GVLE inter-block scan on the first segment

In order to detect that the segmented prefix sum has already been calculated for a particular \(d\_scan\) sub-vector element, bits 57 to 62 of each element are used to store the number of atomic additions performed on it. This sums counter is implemented by performing the atomic additions with the bit 57 of the bit-lengths of the block-codes set to 1. The bits 0 to 56 of each element j of each \(d\_scan\) sub-vector i are used to store the corresponding segmented scan value, i.e., the sum of bit-lengths of block-codes \(32 \times i\) to \(32 \times i + j\). In the case of the thirty-second element of each sub-vector i except the first, a second value is assigned to its bits 0 to 56 in a posterior stage of our algorithm, which is the not-segmented scan value, i.e., the sum of bit-lengths of block-codes 0 to \(32 \times i + 31\). To distinguish between these two mutually exclusive values, in the second case, a flag will be activated in the bit 63, which will be referred to as flag P. Table 1 shows an example of GVLE inter-block scan, which presents an extract of the first 64 values written in \(d\_scan\) (i.e., the corresponding to the first two segments). Note that \(d\_scan[63]\) is the only element that has the flag P activated (the bit 63 is 1). The reason is that it stores the sum (1, 206, 728) of all the bit-lengths of segments 0 and 1. The remaining elements hold the segmented scan value (bits 0 to 56), and the number of atomic additions performed on them (bits 57 to 62).

Let us define a sub-code as the bit-stream composed of the block-codes managed by a sub-grid. Given a thread-block j of a sub-grid i, the first warp of the thread-block follows the next steps to calculate the parameter \(blockcode\_pos\) of the corresponding block-code:

Table 1 Example of GVLE inter-block scan on the two first segments
  1. 1.

    It performs an atomic addition of the bit-length of the block-code (with the bit 57 set to 1) to the elements j to 31 of the sub-vector i.

  2. 2.

    It gets the bit-position of the block-code in its sub-code, which will be referred to as \(pos\_of\_bc\_in\_sc\), in the following way. If \(j = 0\), clearly \(pos\_of\_bc\_in\_sc\) is 0. Otherwise, it reads repeatedly the element \(j - 1\) of the sub-vector i until its sums counter is j. The parameter \(pos\_of\_bc\_in\_sc\) is obtained by resetting the bits 57 to 62.

  3. 3.

    It gets the bit-position of the sub-code in the output vector, which will be referred to as \(pos\_of\_sc\_in\_out\), in the following way.

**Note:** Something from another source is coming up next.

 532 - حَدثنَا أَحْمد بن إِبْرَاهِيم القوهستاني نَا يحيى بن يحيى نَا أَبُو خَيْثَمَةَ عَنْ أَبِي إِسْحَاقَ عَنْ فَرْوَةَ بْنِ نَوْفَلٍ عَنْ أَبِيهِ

If \(i = 0\), clearly \(pos\_of\_sc\_in\_out\) is 0. Otherwise, it reads repeatedly the element 31 of the sub-vector \(i - 1\) until its sums counter is 32 or the flag P is activated (i.e., the value stored in bits 57 to 63 is 32 or 64). If the flag P of the read value is not activated, it repeats the same procedure on sub-vectors \(i - 2\), \(i - 3\), ... until the read value has the flag P activated or there are no more sub-vectors to process. The parameter \(pos\_of\_sc\_in\_out\) is obtained by accumulating the read values, with the bits 57 to 63 set to 0, as they are read.

  4. 4.

    The parameter \(blockcode\_pos\) is obtained by adding \(pos\_of\_bc\_in\_sc\) to \(pos\_of\_sc\_in\_out\).

  5. 5.

    If j = 31 (i.e., the thread-block is the last of the sub-grid):

    1. (a)

      It computes the bit-length of the sub-code i (\(sc\_len\)) by adding \(pos\_of\_bc\_in\_sc\) to \(blockcode\_len\).

    2. (b)

      It computes the sum of \(pos\_of\_sc\_in\_out\) to \(sc\_len\), and stores it in the element 31 of the sub-vector i with the flag P activated. Note that the written value is the bit-position of the sub-code \(i + 1\) in the output vector.

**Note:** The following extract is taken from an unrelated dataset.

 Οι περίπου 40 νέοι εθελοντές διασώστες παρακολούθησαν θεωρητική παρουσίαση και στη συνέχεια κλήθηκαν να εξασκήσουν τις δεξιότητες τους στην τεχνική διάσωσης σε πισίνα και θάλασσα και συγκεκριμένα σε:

As will be shown in Sect. 4, our inter-block scan method outperforms that of Yamamoto et al. The reasons are the following:

  1. 1.

    Since the scan on different segments are executed independently by the corresponding sub-grids, the degree of parallelism is higher in our algorithm.

  2. 2.

    In YAVLE, each thread-block assigns the bit-length of its block-code to a single element of \(d\_scan\), while, in GVLE, each thread-block uses the bit-length of its block-code to update \(32 - j\) elements of \(d\_scan\), where j is the index of the thread-block within its sub-grid. As the number of elements updated by thread-blocks 0, 1, ..., 31 of a sub-grid are 32, 31, .... 1, respectively, the average number of elements updated per thread-block is 16.

  3. 3.

    In GVLE, the scan of each segment is performed directly on its sub-vector by using atomic operations. In contrast, in YAVLE, after writing the bit-lengths on \(d\_scan\), it is necessary to read them in groups of 32 elements to perform the scan operation.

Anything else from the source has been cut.